Pilot Shortage Drives American Airlines To Drop Four Markets

The carrier said it has 100 regional aircraft in its system parked.

Credit: Lukas Wunderlich/Alamy Stock Photo

American Airlines will cut four regional routes connecting smaller markets with its Chicago O’Hare (ORD) and Philadelphia (PHL) hubs, citing the pilot shortage at US regional airlines.

From Sept. 7, routes to ORD from Dubuque (DBQ) in Iowa and Toledo (TOL) in Ohio will be scrapped. From the same date, flights to PHL from Islip (ISP) and Ithaca (ITH), both in New York state, will be eliminated. All four regional markets will leave American’s network.  

American regional subsidiary Envoy Air operates the DBQ-ORD and TOL-ORD routes 2X-daily each with Embraer ERJ-145 aircraft. Another American regional subsidiary, Piedmont Airlines, operates the ISP-PHL and ITH-PHL routes up to 2X-daily each using an ERJ-145 aircraft.

“We have noted that we have 100 regional aircraft on the ground that we want to fly, but can’t due to lack of regional pilots,” an American spokesperson said. “Like many network carriers, we have reduced our regional flying in recent months in response to the regional pilot shortage.”

American noted that the four cities dropped are no more than 72 miles from the nearest airport with American service, including ISP being just 45 miles from New York Kennedy (JFK).
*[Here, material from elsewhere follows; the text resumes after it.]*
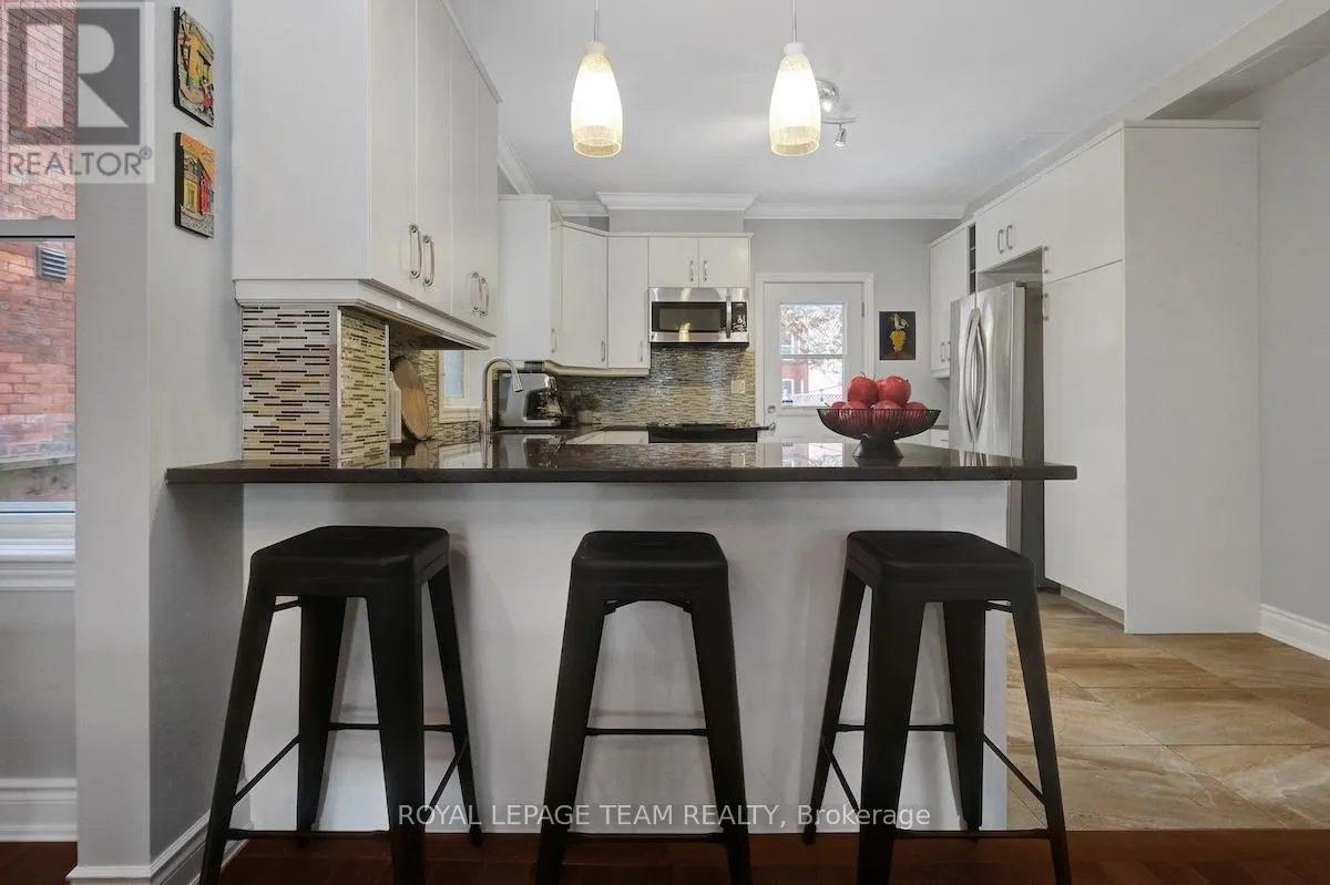 Cross Streets: Bronson/Flora. ** Directions: Percy St.South of Gladstone to West on Flora-Flora is a one way street. Welcome to 281 Flora Street, a charming red-brick home on a quiet street in the heart of Centretown. Blending classic character with thoughtful modern updates, this home offers comfortable urban living just steps to cafés, restaurants, parks, and downtown amenities. The main level features 9' ceilings, crown moulding, and hardwood flooring that flows through the living and dining areas, creating a bright and inviting space for both everyday living and entertaining. The modern kitchen is beautifully appointed with granite countertops, stainless steel appliances, soft-close cabinetry, breakfast bar seating, and a large pantry with convenient pull-out shelving. Upstairs, hardwood flooring continues through the stairwell and upper level. The spacious primary bedroom is filled with natural light and features his-and-hers closets with access to a private upper balcony. Two additional bedrooms offer flexible space for family, guests, or a home office. The fully finished lower level extends the living space with a comfortable rec room featuring custom built-ins and an electric fireplace, along with a convenient 4-piece bathroom. At the rear of the home, a private deck and fenced yard provide a low-maintenance outdoor space perfect for relaxing or entertaining. With its classic curb appeal, thoughtful updates, and unbeatable walkable location, this home offers an excellent opportunity to enjoy the best of Centretown living. Based on Ottawa.ca, this address qualifies for a City of Ottawa street parking permit, subject to availability. (id:27476)

Other US carriers have trimmed schedules. Delta Air Lines this summer will drop approximately 100 daily departures from its schedule from July 1-Aug. 7. United Airlines CEO Scott Kirby has said the carrier has 150 regional aircraft in its system parked that are “never going to come back, I assume.” Kirby has said the pilot shortage “is only going to get worse.” 

The American spokesperson said the oneworld carrier expects the pilot shortage “could loom for some time.”

American’s move to cut routes comes shortly after pilots at Envoy and Piedmont, represented by the Air Line Pilots Association (ALPA), secured pay raises of around 50% in tentative labor contract agreements. 

“I don’t think there is a short-term solution” to ease the pilot shortage, Rep. Rick Larsen (D-Washington), chair of the US House of Representatives Aviation Subcommittee, told Routes in an interview. He added that “airlines have to continue to invest in what they hadn’t been investing in and that’s producing pilots.” 

Larsen said it “is important that we support regional air service to small communities,” adding: “What we need to ensure is that there is a wide distribution of availability [of airline service] across the country.”